# Supply chain game?



## Tucker (Feb 2, 2012)

Do you stay loyal to one supplier, or do you go with who offers you the lowest sf price? How much of a drop in price would make you move? I know customer service is a major part of this question, but say all things are equal in that category. Do you feel like you need to take the low number to stay up with your competition, and/or put more money in your pocket? I prefer to stay with one supplier as long as i can, but when another supplier quotes 15msf less ...how can I walk away from that. With that kind of difference I can make 5k extra that I wasn't expecting depending on the volume at the time. I try not to move that often, maybe every 8 mos. Just enough time for them to miss my call every other day..lol. Give it a week and the door starts knocking. The other consideration; Having one supplier that you have been with for years, do they really have your back? Are they going to tell you when there is a price drop or when small material like Mud starts to rise .25 cents a box?

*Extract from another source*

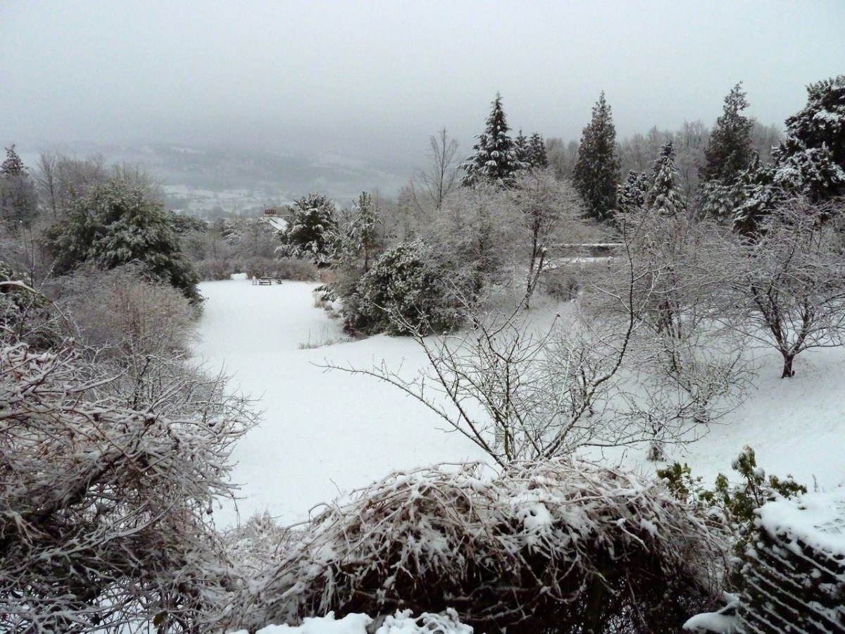 Today is the last day of the retreat, and our group has no chores to do. Looking out at the still dark morning, I see we’ve had a few cm of snow at Hawkshead Hill overnight. After breakfast:

I call it boiling the frog slowly. Small price increase in your bill that creep up. Does anyone ever have a supplier that keeps their rock price lower than other when Manufacture's increase go in effect? Even though getting the lowest price is appealing, I feel that dependability and quality of work speaks volumes over the 1-2 dollars a board you can cut...your thoughts? Also, I know that karma can bite back pretty darn hard.


----------



## 2buckcanuck (Jul 9, 2010)

Always go for the best deal, never deal with one supplier because they get all kissy kissy with you. Or next thing you know, they could become the only supply house in town, and guess what you will be kissing.:yes:

at least that's our Canadian communist way of thinking. Keep them equal and competitive , or you could end up with a greedy capitalist that will control the whole market:whistling2:


----------



## Mudshark (Feb 8, 2009)

I think it is best to stay loyal as long as they are treating you well. If its only nickels and dimes difference in price not so bad. When the difference gets to be too much, and you explain this to your supplier, they may do their best to match the other guys price to not lose you. 

Sometimes it can still be good to go with someone else a while if you feel they are not treating you right. 

If they take you out on a fishing trip and buy all the beer then maybe you should stick with them a bit longer.


----------